The pipeline runs continuously on each Node as a timer-driven loop within the Service Manager (SM). Each poll cycle collects fresh samples, updates running averages, evaluates alert thresholds, and sends the result to the Communication Manager (CM) for cloud delivery.
Pipeline Overview
loading...The monitoring pipeline consists of five stages:
- Data Sources — OS-level interfaces that expose raw resource metrics
- Collection — providers that read raw data into structured monitoring records
- Aggregation — averaging and normalization of collected samples
- Alert Evaluation — threshold-based detection of resource quota violations
- Transmission — delivery of monitoring data and alerts to the cloud
Stage 1: Data Sources
The pipeline reads resource metrics from standard Linux interfaces:
| Metric | Source | What is Read |
|---|---|---|
| CPU usage | /proc/stat | Aggregate CPU time counters (user, system, idle, etc.) |
| RAM usage | /proc/meminfo | MemTotal, MemFree, Buffers, Cached, SReclaimable |
| Disk usage | statvfs() syscall | Block counts per configured partition path |
| Network traffic | Network Manager | Download and upload byte counters |
| Instance resources | Instance Info Provider | Per-service-instance CPU, RAM, disk, and network usage |
These sources are read at each poll interval. No persistent state is maintained between reads except for the previous CPU time counters needed to compute utilization as a delta.
Stage 2: Collection
Two providers gather raw metrics into MonitoringData structures:
NodeMonitoringProvider
Located in sm/monitoring/, this provider collects Node-level system metrics:
- CPU — Computes utilization as a percentage by comparing idle time delta to total time delta between consecutive
reads of
/proc/stat. This gives the average CPU usage across all cores since the last sample. - RAM — Calculates used memory as:
MemTotal - MemFree - Buffers - Cached - SReclaimable. This matches the "used" calculation in standard tools likefree. - Disk — Calls
statvfs()on each partition path defined in the Node configuration. Reports used bytes as(total_blocks - free_blocks) * fragment_size. - Network — Queries the
SystemTrafficProvider(part of SM's Network Manager) for cumulative download and upload byte counts.
Instance Info Provider
For each active service instance, the SM collects per-instance resource usage. Instance monitoring starts when an
instance enters the Activating or Active state and stops when it becomes Inactive or Failed.

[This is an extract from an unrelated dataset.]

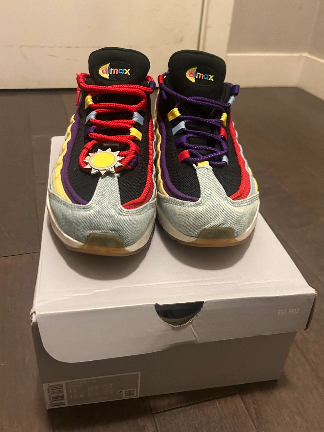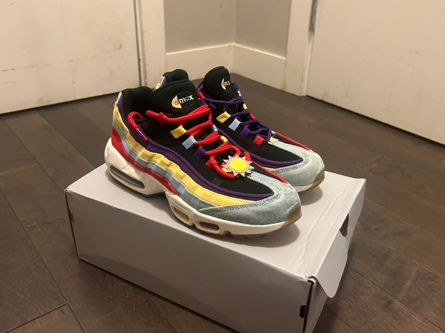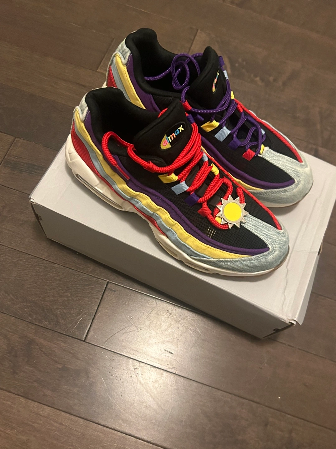 79Selling a pair of Nike Air Max 95s in size 10.5 They come with the original box! The shoes feature a unique and colourful design. Great for adding a pop of colour to your wardrobe. Don't miss out!

The collected data for each instance includes the same metric types (CPU, RAM, disk partitions, network) scoped to that specific service instance.
Stage 3: Aggregation
The Monitoring module in core/common/monitoring/ orchestrates the aggregation stage. A timer fires at the configured
pollPeriod interval, triggering the ProcessMonitoring() cycle.
Averaging
The Average class implements an exponential moving average using a sliding window:
- Window size =
averageWindow / pollPeriod(number of samples in the window) - Update formula — For each metric value:
accumulated = accumulated - (accumulated / windowSize) + newSample - Read formula — Average value =
accumulated / windowSize
This approach smooths transient spikes while remaining responsive to sustained changes. The first sample initializes the
accumulator to newSample * windowSize so the average starts at the actual value rather than ramping up from zero.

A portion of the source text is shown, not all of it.